> _Aim of the task_: Please give back each line of the material unchanged, but without the images.

---

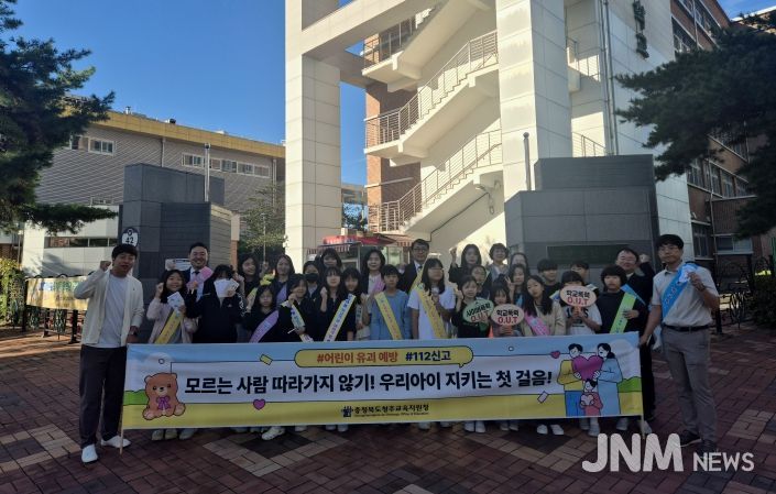 제이앤엠뉴스 | 청주교육지원청은 2025년 10월 15일 솔밭초등학교에서 학생들의 안전한 학교생활을 위해 학교폭력 및 유괴·실종 예방 등교맞이 캠페인을 실시했다.
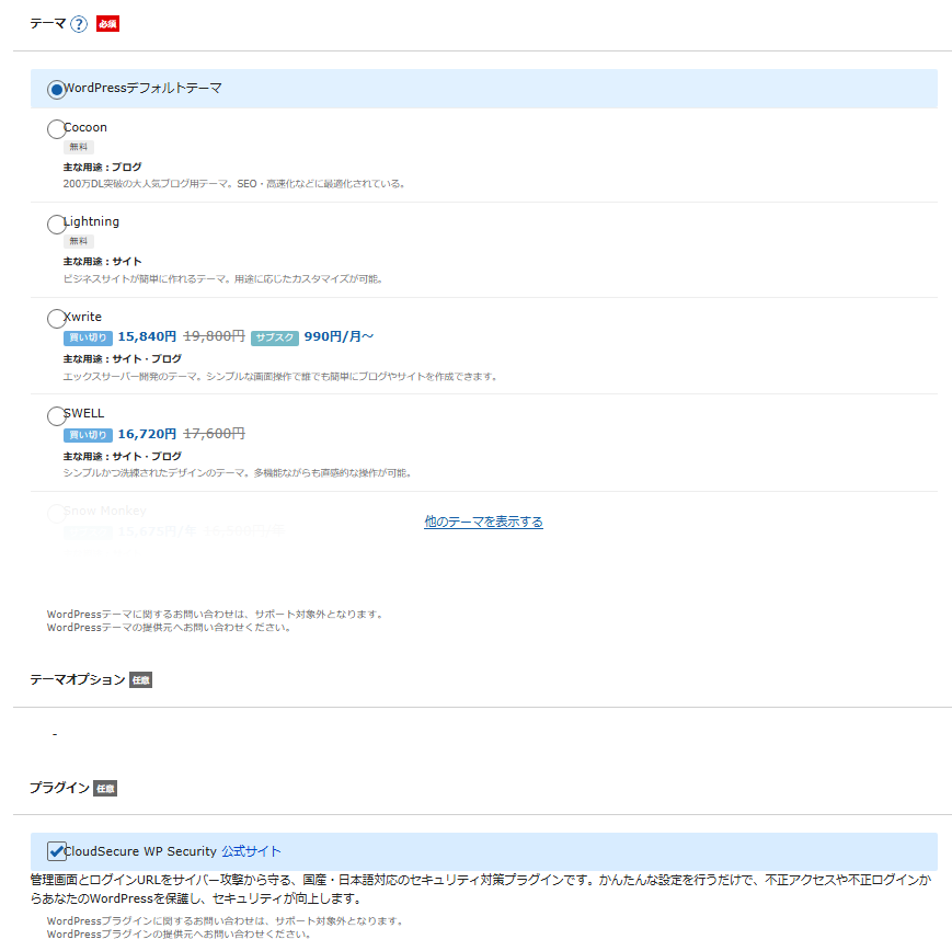 - 上位プランの特典「Xwrite無料」は、別の優秀な無料テーマ(Cocoon)があるので不要
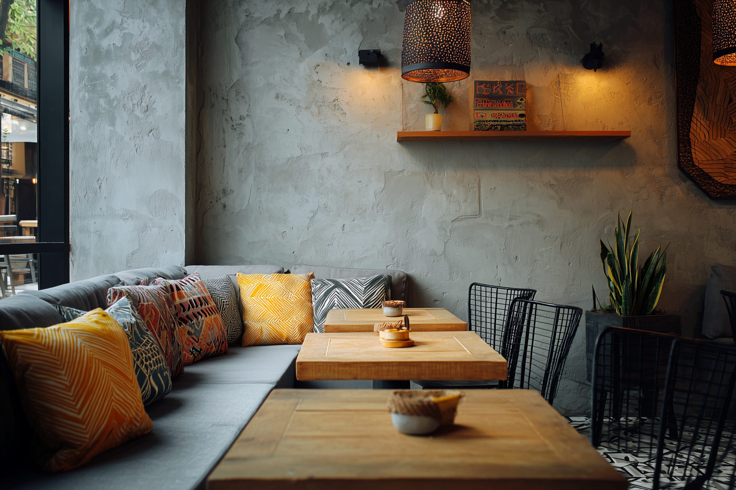 検索タグ:カフェ、インテリア、cafe、interior、店内、飲食店、オシャレ、お洒落、おしゃれ、フリー素材、フリー画像、、free、image、materials、AI生成画像、内装、内観、室内、店舗、お店、モダン、壁紙、ZOOM背景、配信用、背景素材、アイキャッチ、サムネイル、喫茶店、雰囲気、涼しい、夏、サマー、コンクリート調、観葉植物
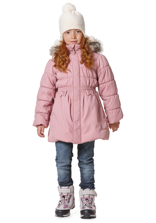 Единый артикул 721720-4390 Преимущества эластичные манжеты,водоотталкивающий,ветронепроницаемый и дышащий материал,эластичная кромка подола,безопасный съемный капюшон с отсоединяемой меховой каймой,карманы в боковых швах Материал Down fabric Зимнее пальто Лесси выполнено из водоотталкивающего и ветронепроницаемого материала с грязеотталкивающими свойствами.
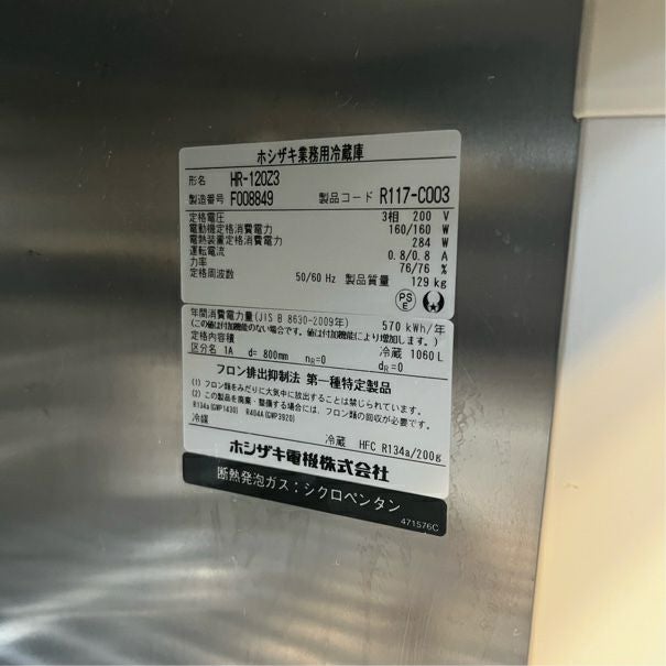 他の画像を見る 2016年製 ホシザキ 縦型冷蔵庫 HR-120Z3 東京足立店 中古品 三相200V 定価 ¥ 1,170,400 のところ 販売価格 ¥ 105,600 税込 W1200xD800xH1890商品ランク:B カートに入れる お気に入りに登録する
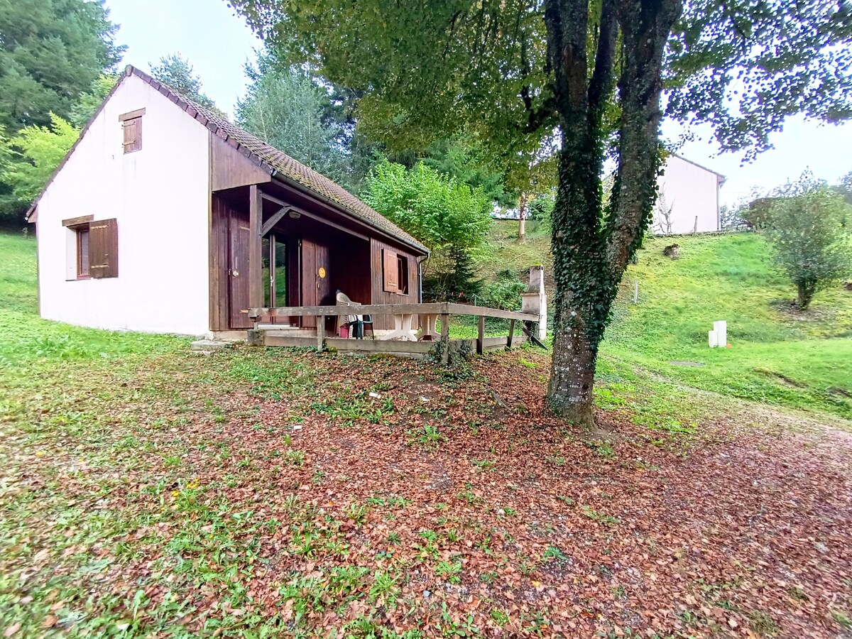 Cabaña de madera de 9 m² y terraza de 15 m² sobre pilotes, situada en medio de un pequeño bosque de 5000 m². Ideal para una etapa para ciclistas y/o excursionistas. - Inodoro seco y ducha bajo un toldo de madera - Camas nido de 2 plazas separables - Barbacoa y terraza disponibles Entorno tranquilo y sombreado. La cabaña se encuentra a 35 metros de la casa del propietario en una aldea cerca de Aurillac (10 km). Todos los comercios a 3 km y la base náutica a 7 km
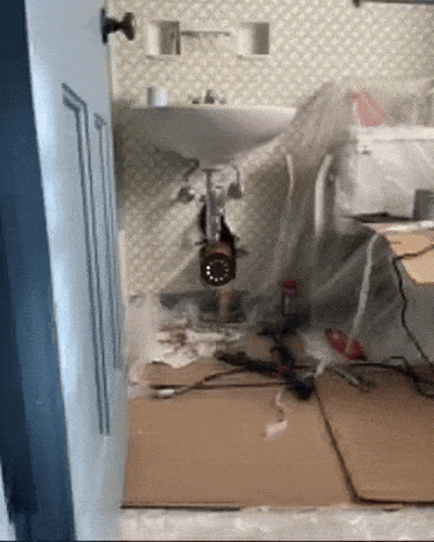 И рядом стенка русхуячена как попало неаккуратно совсем и кот торчит оттудова...

---

> _Task response_:
 제이앤엠뉴스 | 청주교육지원청은 2025년 10월 15일 솔밭초등학교에서 학생들의 안전한 학교생활을 위해 학교폭력 및 유괴·실종 예방 등교맞이 캠페인을 실시했다.
 - 上位プランの特典「Xwrite無料」は、別の優秀な無料テーマ(Cocoon)があるので不要
 検索タグ:カフェ、インテリア、cafe、interior、店内、飲食店、オシャレ、お洒落、おしゃれ、フリー素材、フリー画像、、free、image、materials、AI生成画像、内装、内観、室内、店舗、お店、モダン、壁紙、ZOOM背景、配信用、背景素材、アイキャッチ、サムネイル、喫茶店、雰囲気、涼しい、夏、サマー、コンクリート調、観葉植物
 Единый артикул 721720-4390 Преимущества эластичные манжеты,водоотталкивающий,ветронепроницаемый и дышащий материал,эластичная кромка подола,безопасный съемный капюшон с отсоединяемой меховой каймой,карманы в боковых швах Материал Down fabric Зимнее пальто Лесси выполнено из водоотталкивающего и ветронепроницаемого материала с грязеотталкивающими свойствами.
 他の画像を見る 2016年製 ホシザキ 縦型冷蔵庫 HR-120Z3 東京足立店 中古品 三相200V 定価 ¥ 1,170,400 のところ 販売価格 ¥ 105,600 税込 W1200xD800xH1890商品ランク:B カートに入れる お気に入りに登録する
 Cabaña de madera de 9 m² y terraza de 15 m² sobre pilotes, situada en medio de un pequeño bosque de 5000 m². Ideal para una etapa para ciclistas y/o excursionistas. - Inodoro seco y ducha bajo un toldo de madera - Camas nido de 2 plazas separables - Barbacoa y terraza disponibles Entorno tranquilo y sombreado. La cabaña se encuentra a 35 metros de la casa del propietario en una aldea cerca de Aurillac (10 km). Todos los comercios a 3 km y la base náutica a 7 km
 И рядом стенка русхуячена как попало неаккуратно совсем и кот торчит оттудова...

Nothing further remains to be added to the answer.